出崎を語るときは最も「アニメ様」らしい。

WEBアニメスタイル | アニメ様365日 第52回 『あしたのジョー2』(TV版)

映像美に関して印象的なのは、ジョーがテンプルを打てないで苦しんでいる頃の事だ。出崎監督は、ジョーの嘔吐物を、透過光でキラキラと光らせた。これはインパクトがあった。当時、ツービートのたけしが「だって、ゲロが光るんだぜ」と漫才のネタにしたくらいだ。勿論、単純に美しく描きたいと考えて、透過光で光らせたわけではないだろう。出崎監督には他の演出意図があったと思われるが、それよりもまず、ジョーの何かを表現するのに、嘔吐物すらも使おうとしている点に注目したい。
 物語の途中で、バシンと画面が止まって、セルだったキャラクターがイラスト調の静止画になる。それは出崎監督が得意とする「ハーモニー」と呼ばれる手法だ。あえて、絵を止める事によって、そのドラマやキャラクターの印象を強めるわけだ。『あしたのジョー2』ではハーモニーを使ったカットは非常に多い。数えたわけではないが、全出崎作品の中で、最もハーモニーの頻度が高いのが『あしたのジョー2』だろう。しかも、それが効いていた。ジョーのパンチが炸裂し、絵が静止画になり、♪チャチャンチャ、チャンチャ、チャンチャーンと曲がかぶる。その瞬間が、背筋がゾクゾクっとくるほど格好よかった。映像自体もいいのだが、やはり演出のセンスに感動していたのだろう。選曲も素晴らしかった。『あしたのジョー2』のフィルムを、シャキッとしたものにしていたのは、鈴木清司の選曲の力でもあるはずだ。

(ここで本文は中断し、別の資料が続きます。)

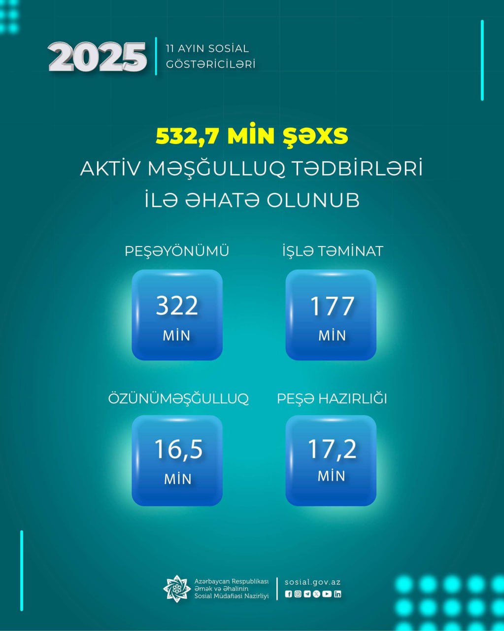 Əmək və Əhalinin Sosial Müdafiəsi Nazirliyinin məlumatına görə, onlardan 177 min şəxs münasib işlərlə təmin olunub, 16,5 min şəxs isə kiçik ailə təsərrüfatlarını yaratmaları üçün özünüməşğulluq proqramına cəlb olunub.

残念なのは、シリーズ終盤になって、ビジュアルのテンションがやや落ちてしまう事だ。実は『あしたのジョー2』は、同時進行で同じスタッフが劇場版の制作をしていた。劇場版『あしたのジョー2』の公開は、TVシリーズ放映中の1981年7月18日だった。制作の進め方も複雑で、劇場版の序盤から中盤までは、先行して作られていたTVシリーズの素材を使い、逆に、TVシリーズ終盤は、劇場版で新作した素材を使っている。TVシリーズと劇場版の同時進行という信じられない制作状況が、仕上がりに影響を及ぼしたのだろう。ただ、ファンであるがゆえの、贔屓の引き倒しであるのは分かっていて言うが、ジョーがハリマオ戦前後で「野性を失ったのではないか」と言われ、パンチドランカーの疑いが浮上していく展開に、あるいはホセ戦を前にしたしんみりとしたドラマに、制作的な体力が落ちていく感じが、不思議にフィットしているように見える。物語とフィルムの印象が、シンクロしているように思えるのだ。ビジュアルのテンションが落ちた事すらも、意味があるのではないかと思えてしまう作品だった。

アニメージュ オリジナル」2号の出崎・宮崎比較の記事も末尾もキレがあったなぁ。